Liu Jo Nordmeccanica Modena
- Full name: River Volley
- Founded: 1983
- Dissolved: 2018
- Ground: PalaPanini, Modena, Italy (Capacity: 5,200)
- League: FIPAV Women's Serie A1
- Website: Club home page

Uniforms
| Home | Away |

= River Volley =

Italian women's volleyball club

River Volley was an Italian women's volleyball club based in Piacenza. The club's activities ceased in 2018 when it sold its rights to play in Serie A1 to Cuneo Granda Volley.

==Previous names==
Due to sponsorship, the club have competed under the following names:
- River Volley (1983–1994)
- Libertas-River Volley (1994–1998)
- Rebecchi River Volley (1998–2003)
- Rebecchi River Volley Rivergaro (2003–2005)
- Rebecchi Rivergaro Piacenza (2005–2006)
- Rebecchi Cariparma Piacenza Volley (2006–2007)
- RebecchiLupa Piacenza (2007–2010)
- Rebecchi Nordmeccanica Piacenza (2010–2014)
- Nordmeccanica Rebecchi Piacenza (2014–2015)
- Nordmeccanica Piacenza (2015–2016)
- Liu Jo Nordmeccanica Modena (2016–2018)

==History==
The club was founded in 1983 as River Volley and was based in Rivergaro. It had only youth team activities until 1988 when a senior team was created and the club started competing in the lower divisions in Italy. By the early 2000s the club was playing in the third and second divisions of the Italian league, and decided to move its professional senior activities to Piacenza keeping the youth activities in Rivergaro. It reached the Serie A1 for the first time in 2006, after winning promotion at the end of the 2005–06 season. It was relegated in its first season at Serie A1 but returned to the highest league for the 2009–10 season. The club started to become competitive in the Serie A1, winning the league, cup and supercup in both 2012–13 and 2013–14 seasons.

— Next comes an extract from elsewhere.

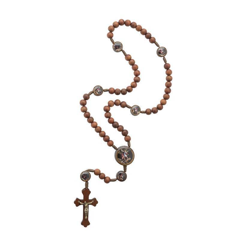 Terço De São Miguel Arcanjo Madeira Canela 8mm
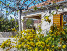 3 -sobna kuća 100 m2. Lijepo uređena: dnevni boravak/blagovaona 25 m2 s 1 kaučem za 2 osobe, otvorenim kaminom, TV-om sa sat. prijemnikom i klima uređajem. Izlaz na terasu. 2 sobe, svaka soba s 1 bračnim krevetom (180 cm, dužina 200 cm), klima uređajem. Otvorena kuhinja (4 ploče za kuhanje, pećnica, zamrzivač). Tuš/WC. Grijanje na drva (uz doplatu), grijanje toplim zrakom (uz doplatu). Terasa 20 m2 (natkrita). Garnitura za sjedenje. Na raspolaganju: Internet (wireless LAN [WLAN], besplatan).- postrojenja

In May 2016, an agreement between River Volley and Liu Jo Modena (LJ Volley) was announced, following LJ Volley decision to stop its volleyball activities. In the agreement River Volley acquired LJ Volley assets (players and rights to play at the PalaPanini) with Liu Jo becoming River's main sponsor and the club being renamed Liu Jo Nordmeccanica Modena. The club remain based in Piacenza but its home matches moved from PalaBanca to be played at the PalaPanini in Modena.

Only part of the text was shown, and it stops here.